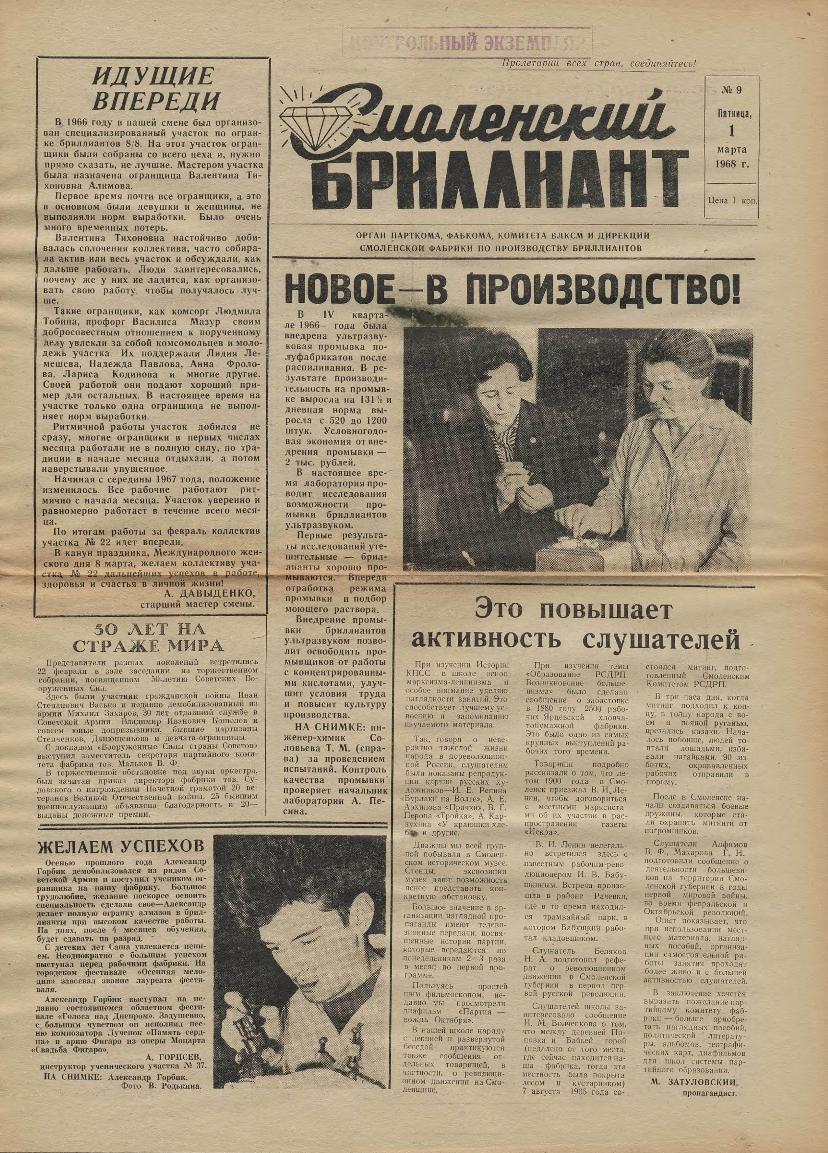 Смоленский бриллиант: Орган парткома, фабкома, комитета ВЛКСМ и дирекции Смоленской фабрики по производству бриллиантов. — Смоленск: Смолгортип., 1968-____. № 9.
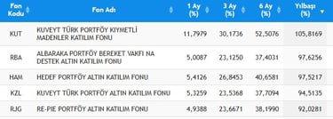 2025 yılında katılım fonları kategorisi, özellikle altın ve gümüş fiyatlarındaki güçlü yükselişten önemli ölçüde faydalandı. Değerli metallere ağırlık veren katılım esaslı fonlar, yılın en yüksek getirilerini sağlayan ürünler arasında öne çıktı.
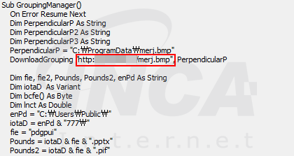 악성 문서의 VBA 스크립트를 통해 BMP 파일을 다운로드한다
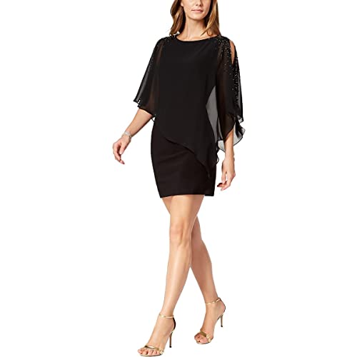 Xscape Womens Chiffon Beaded Cocktail and Party Dress Black 14
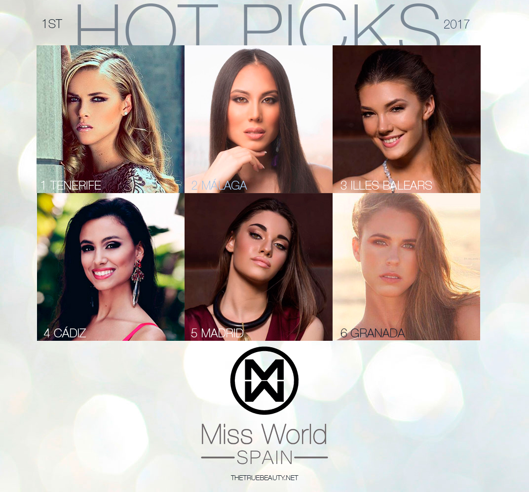 Aunque su preparación es un misterio, no he podido resisitirme a colocar en el número uno de mi ránking a la tinerfeña Cara Aguiar, una de las misses más anticipadas ya que fue escogida en su provincia nada más y nada menos que en el 2014 junto con el que sería Mister International Spain 2016 Daniel Rodríguez, y ha tenido que esperar todos estos años para participar en el nacional. La que si parece tener el pack completo es la recientemente escogida por Málaga, Jennifer Medalle, no solo por su exótica belleza de orígenes filipinos (lo que siempre es un plus en los certámenes internacionales) sino también por su preparación académica que incluye estudios como bailarina. Otras que suenan como favoritas son las candidatas de Baleares, Elisabeth Tulián, y su primera dama en el regional, Paula Delgado, a la que curiosamente se le otorgó la banda de Madrid en la noche de la elección. Si el jurado se quiere decantar por una belleza más española, la representante de Cádiz es ideal, gracias a sus rasgos andaluces que la convierten en una de las chicas más llamativas por ahora. Cierro mi Top 6 inicial con la veterana Rocío Barea, representante de Granada, que ya participó en el Miss World Sevilla 2013 y tiene amplia experiencia como modelo. Otras que destacan son las misses de Cantabria, A Coruña, Las Palmas, Almería, Canarias, Pontevedra, Córdoba y Navarra, la mayoría nuevas en el circuito miss, por lo que tienen la oportunidad de sorprendernos durante la concentración.
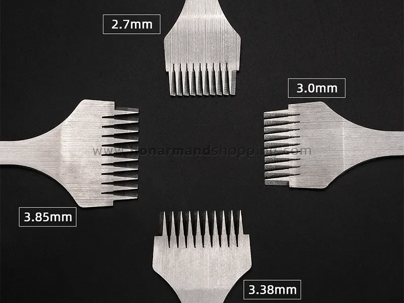فاصله بین نوک سنبه ها در مدلهای مختلف بین 2.7 ، 3 ، 3.38 و 3.85 و میلیمتر است. (در هنگام خرید توجه کنید سنبه مورد نیاز خود را به دقت انتخاب کنید)
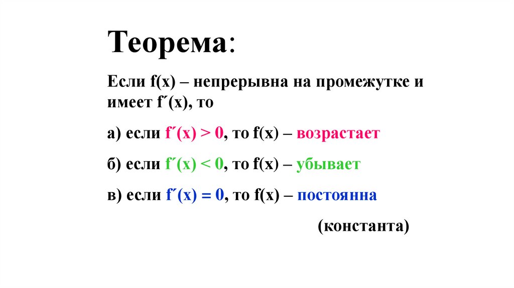 а) если f´(x) > 0, то f(x) – возрастает
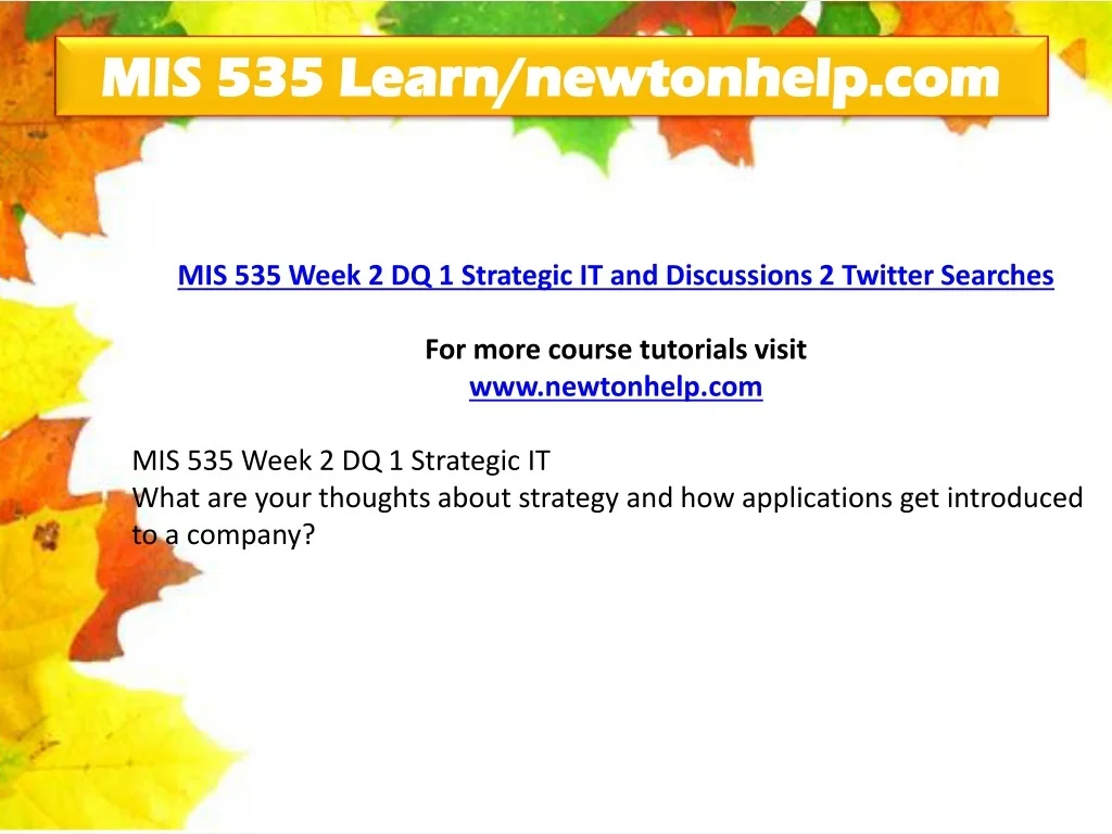 MIS 535 Learn/newtonhelp.com MIS 535 Week 2 DQ 1 Strategic IT and Discussions 2 Twitter Searches For more course tutorials visit www.newtonhelp.com MIS 535 Week 2 DQ 1 Strategic IT What are your thoughts about strategy and how applications get introduced to a company?
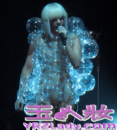 全身被透明圆球包围的gaga,这时候也透漏着一股空灵感,在她少量体现温暖一面的着装中,这一款让人赏心悦目,也缓冲了视觉上的刺激感。
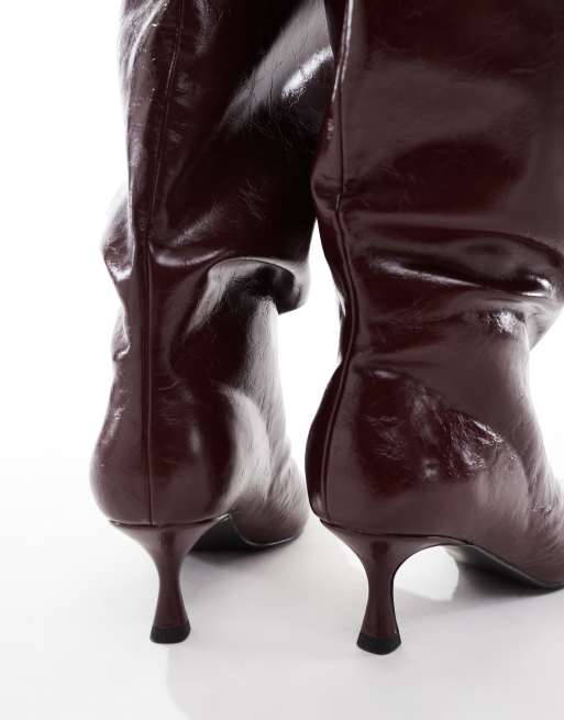 ASOS DESIGN Curve Crimson Kniehohe Stiefel in Burgunderrot zum Hineinschlupfen mit Kitten Absatz Very well made.
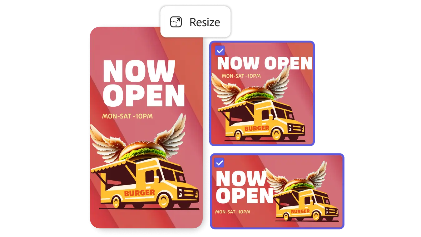 โปรแกรมสร้างสื่อกราฟิกทุกรูปแบบได้อย่างง่ายดาย สำหรับหน่วยงานราชการ Adobe Express for Teams Government ยังมีตัวเลือกในการปรับแต่งเทมเพลตให้เหมาะกับสไตล์ของคุณ สามารถเปลี่ยนสี เปลี่ยนฟอนต์ ปรับขนาด หรือแม้แต่เพิ่มองค์ประกอบอื่น ๆ เช่น ไอคอน รูปภาพ และเอฟเฟกต์ต่าง ๆ ได้อย่างง่ายดาย เทมเพลตบางแบบยังรองรับความเคลื่อนไหว เหมาะสำหรับสร้างวิดีโอหรือภาพเคลื่อนไหวที่น่าสนใจ
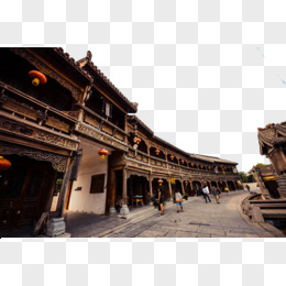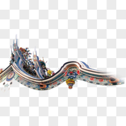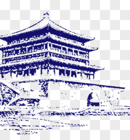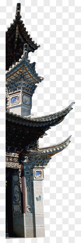 一组手绘插画中国风古代建筑瓦片屋檐套图合集元素四
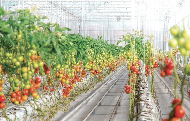 Le déploiement de plus de 20 hectares de serres high-tech, avec une unité de conditionnement et d’emballage, pour une production annuelle et continue au sein même du Hub.
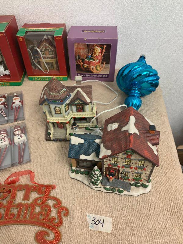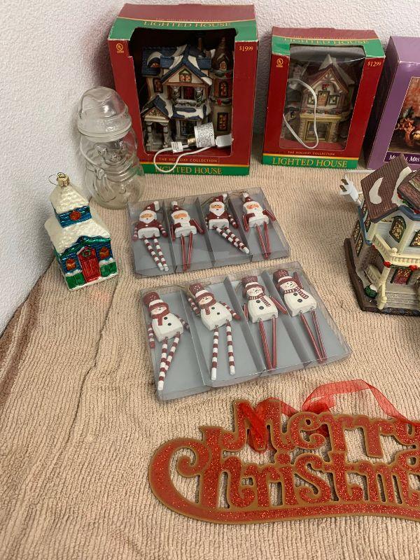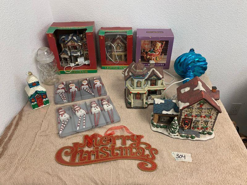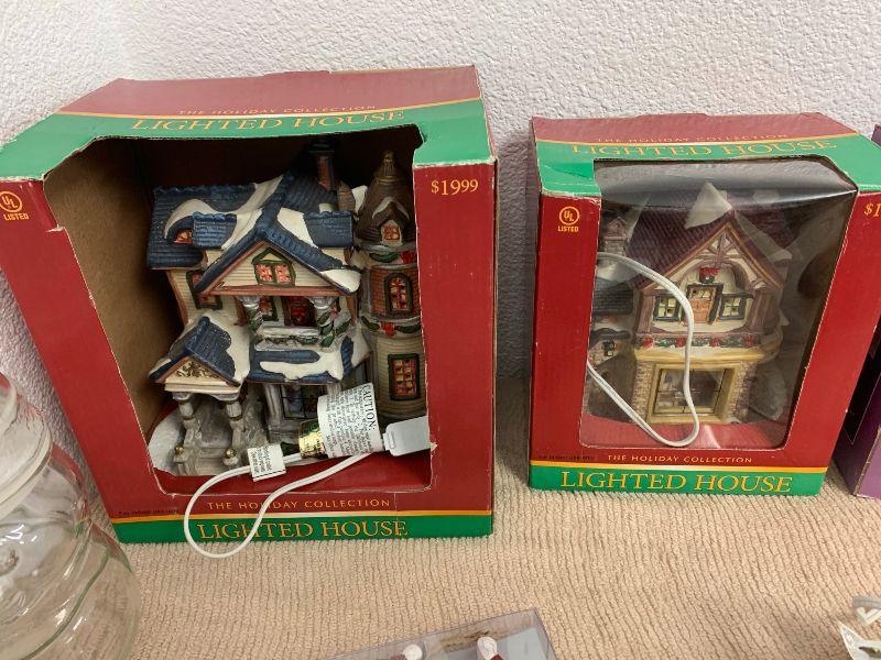 X-mas: 4 holiday light up houses, sign, glass snowman, and more..
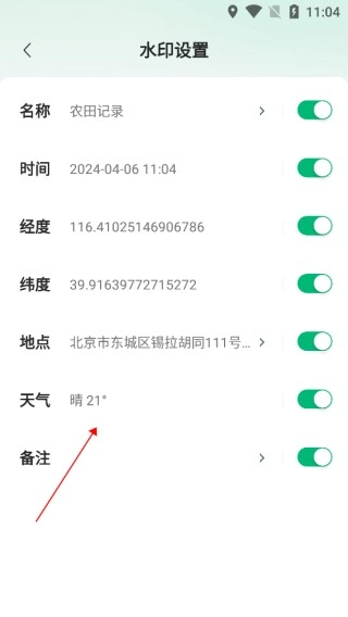 3、可选择需要的要素运用,名称、时间、经度、纬度、地点、天气或是添加备注
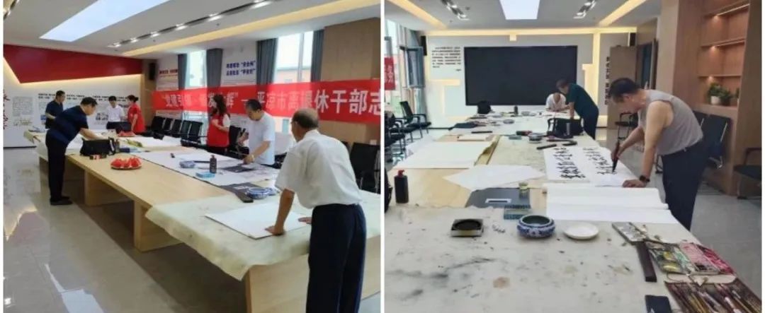 8月1日下午,平?jīng)龀峭都瘓F(tuán)公司聯(lián)合老干部活動中心在惠城物業(yè)紅色陣地崇文書苑物業(yè)服務(wù)中心開展“黨建引領(lǐng)·銀發(fā)生輝”——平?jīng)鍪须x退休干部“書畫進(jìn)企業(yè)”活動,5名擅長書畫創(chuàng)作的退休老干部受邀參加。

▬▬▬▬▬▬

With the images left out, set down each record exactly as it appears.

 Смоленский бриллиант: Орган парткома, фабкома, комитета ВЛКСМ и дирекции Смоленской фабрики по производству бриллиантов. — Смоленск: Смолгортип., 1968-____. № 9.
 2025 yılında katılım fonları kategorisi, özellikle altın ve gümüş fiyatlarındaki güçlü yükselişten önemli ölçüde faydalandı. Değerli metallere ağırlık veren katılım esaslı fonlar, yılın en yüksek getirilerini sağlayan ürünler arasında öne çıktı.
 악성 문서의 VBA 스크립트를 통해 BMP 파일을 다운로드한다
 Xscape Womens Chiffon Beaded Cocktail and Party Dress Black 14
 Aunque su preparación es un misterio, no he podido resisitirme a colocar en el número uno de mi ránking a la tinerfeña Cara Aguiar, una de las misses más anticipadas ya que fue escogida en su provincia nada más y nada menos que en el 2014 junto con el que sería Mister International Spain 2016 Daniel Rodríguez, y ha tenido que esperar todos estos años para participar en el nacional. La que si parece tener el pack completo es la recientemente escogida por Málaga, Jennifer Medalle, no solo por su exótica belleza de orígenes filipinos (lo que siempre es un plus en los certámenes internacionales) sino también por su preparación académica que incluye estudios como bailarina. Otras que suenan como favoritas son las candidatas de Baleares, Elisabeth Tulián, y su primera dama en el regional, Paula Delgado, a la que curiosamente se le otorgó la banda de Madrid en la noche de la elección. Si el jurado se quiere decantar por una belleza más española, la representante de Cádiz es ideal, gracias a sus rasgos andaluces que la convierten en una de las chicas más llamativas por ahora. Cierro mi Top 6 inicial con la veterana Rocío Barea, representante de Granada, que ya participó en el Miss World Sevilla 2013 y tiene amplia experiencia como modelo. Otras que destacan son las misses de Cantabria, A Coruña, Las Palmas, Almería, Canarias, Pontevedra, Córdoba y Navarra, la mayoría nuevas en el circuito miss, por lo que tienen la oportunidad de sorprendernos durante la concentración.
فاصله بین نوک سنبه ها در مدلهای مختلف بین 2.7 ، 3 ، 3.38 و 3.85 و میلیمتر است. (در هنگام خرید توجه کنید سنبه مورد نیاز خود را به دقت انتخاب کنید)
 а) если f´(x) > 0, то f(x) – возрастает
 MIS 535 Learn/newtonhelp.com MIS 535 Week 2 DQ 1 Strategic IT and Discussions 2 Twitter Searches For more course tutorials visit www.newtonhelp.com MIS 535 Week 2 DQ 1 Strategic IT What are your thoughts about strategy and how applications get introduced to a company?
 全身被透明圆球包围的gaga,这时候也透漏着一股空灵感,在她少量体现温暖一面的着装中,这一款让人赏心悦目,也缓冲了视觉上的刺激感。
 ASOS DESIGN Curve Crimson Kniehohe Stiefel in Burgunderrot zum Hineinschlupfen mit Kitten Absatz Very well made.
 โปรแกรมสร้างสื่อกราฟิกทุกรูปแบบได้อย่างง่ายดาย สำหรับหน่วยงานราชการ Adobe Express for Teams Government ยังมีตัวเลือกในการปรับแต่งเทมเพลตให้เหมาะกับสไตล์ของคุณ สามารถเปลี่ยนสี เปลี่ยนฟอนต์ ปรับขนาด หรือแม้แต่เพิ่มองค์ประกอบอื่น ๆ เช่น ไอคอน รูปภาพ และเอฟเฟกต์ต่าง ๆ ได้อย่างง่ายดาย เทมเพลตบางแบบยังรองรับความเคลื่อนไหว เหมาะสำหรับสร้างวิดีโอหรือภาพเคลื่อนไหวที่น่าสนใจ
 一组手绘插画中国风古代建筑瓦片屋檐套图合集元素四
 Le déploiement de plus de 20 hectares de serres high-tech, avec une unité de conditionnement et d’emballage, pour une production annuelle et continue au sein même du Hub.
 X-mas: 4 holiday light up houses, sign, glass snowman, and more..
 3、可选择需要的要素运用,名称、时间、经度、纬度、地点、天气或是添加备注
 8月1日下午,平?jīng)龀峭都瘓F(tuán)公司聯(lián)合老干部活動中心在惠城物業(yè)紅色陣地崇文書苑物業(yè)服務(wù)中心開展“黨建引領(lǐng)·銀發(fā)生輝”——平?jīng)鍪须x退休干部“書畫進(jìn)企業(yè)”活動,5名擅長書畫創(chuàng)作的退休老干部受邀參加。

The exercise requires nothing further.